The other interesting thing to do on the security side when there is a large scale password breach (christiansingles, hotmail, rockyou) is to analyze the password complexity in a population of users. While the algorithm used in this case, DES, is obsolete, it is still the case that it is easier to crack a password that is a common dictionary word or minor variation than a complex password. Plus it is always interesting to see the most common passwords people use.
We started running a custom python script we have at Praetorian against a subset of the passwords when we noticed that Jon Oberheide at DUO Security had already done a more complete job cracking some 400,000 of the encrypted passwords published by Gnosis, already double the original number Gnosis cracked. For that reason, we’ll use his more accurate numbers below. The first meaningful number is that there are approximately 748,000 passwords that can be cracked in the Gnosis release, out of some 1.3 million lines from the database extract.
Probably the most alarming thing is the relatively high percentage of passwords composed only of lower case letters:
A reasonable immediate next step is for Gawker to require some password complexity when setting up a password on their site to leave comments.
The attackers took time out to point out the number of users using ‘password’ and ‘qwerty’ in Sunday’s release. I mentioned I was holding out for ‘123456’, the combination I use on my luggage, and I was not disappointed by the 25 most common passwords (credit: DUO Security):
Note the 301 who used the site’s name, ‘gizmodo’, as their password, a common practice. For the 307 who had ‘trustno1′ as their password, good advice.
I appreciate Nick Denton reaching out, and I think Gawker Media has started on the right track following this security event. What counts now is integrating this event into the corporate culture, using it a year and two years from now when the memory of it has lessened, to justify making the right effort, in both time and expense, to build and maintain a mature information security program.

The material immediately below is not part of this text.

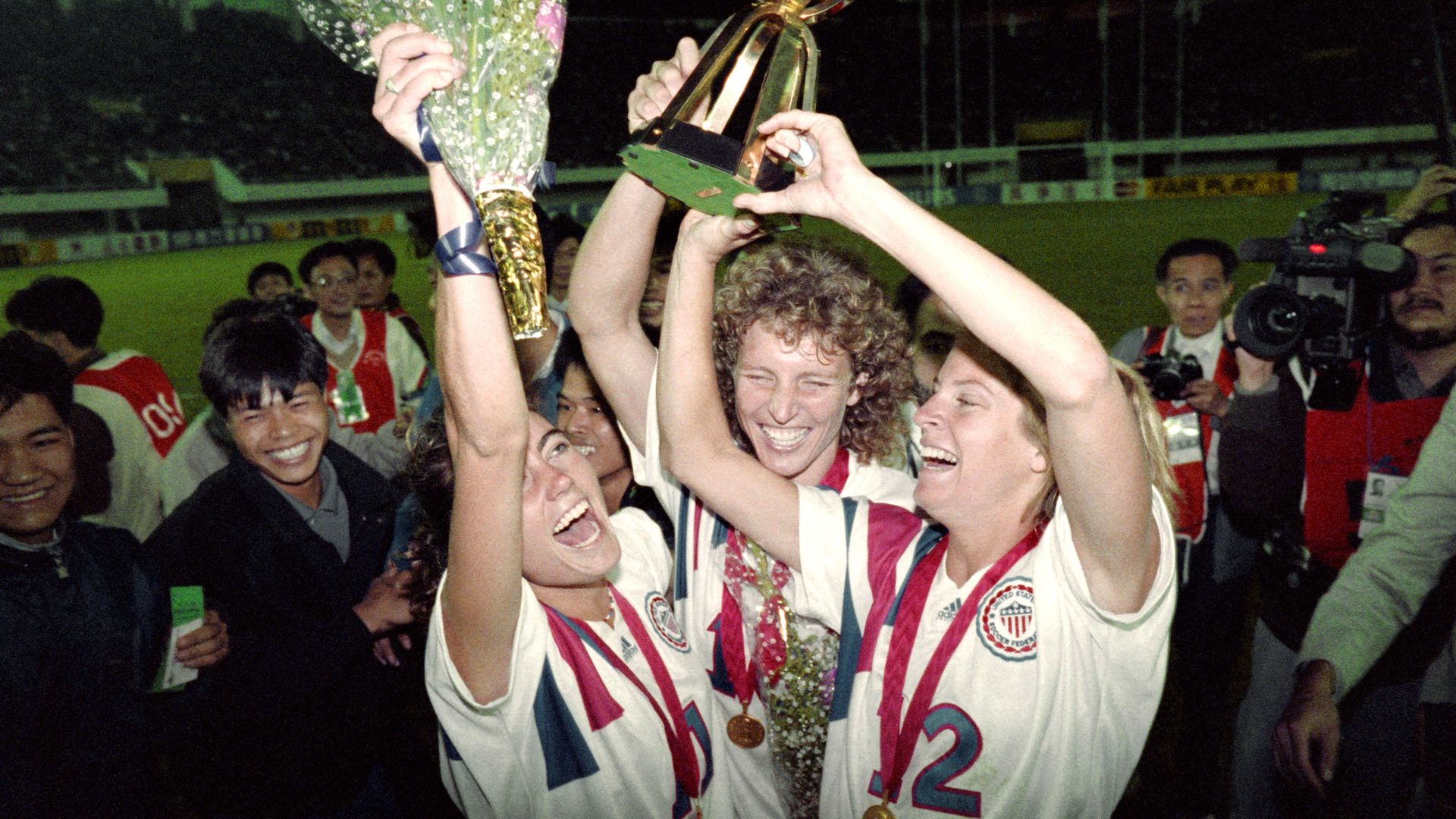 Julie Foudy (L), Michelle Akers-Stahl and Carin Jennings after winning the 1991 Women's World Cup. Photo: Tommy Cheng/AFP via Getty Images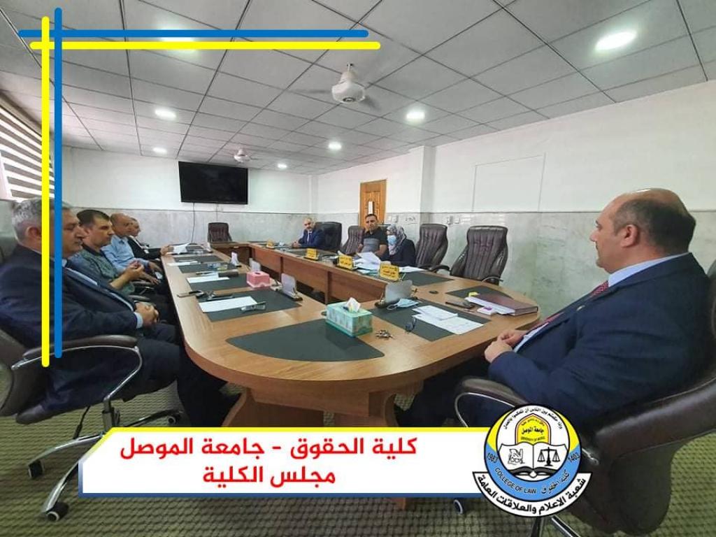 Assistant Professor Dr. Wissam Neamat Ibrahim Al-Saadi, Dean of the College of Law at the University of Mosul, chaired on Sunday, August 15, 2021, the nineteenth session of the meeting of the College Council, in the presence of all its members, in which the directions of the meeting of the University Council in its twentieth session held on August 9, 2021 regarding the conduct of the final exams for students of preliminary study and exams were transferred. The end of the second course for postgraduate students for the current academic year 2021/2020, especially with regard to the directives of the crisis cell related to the Corona pandemic, the need to adhere to preventive measures and the importance of taking the vaccine in the concerned health centers. For students of science studies

There is one user I would like to address directly, who wrote this: “I’m in the database, but don’t seem to have my password leaked. Hoping that it stays that way, but based on the fact that I used password reset to access that account last, I’m thinking I should be good as it should be something random. Hopefully.”
This is in part what I was worried about when Gawker mentioned “people with weak passwords”, a false sense of confidence. When someone has the password file, your password has a probability of being enumerated. Please change your password.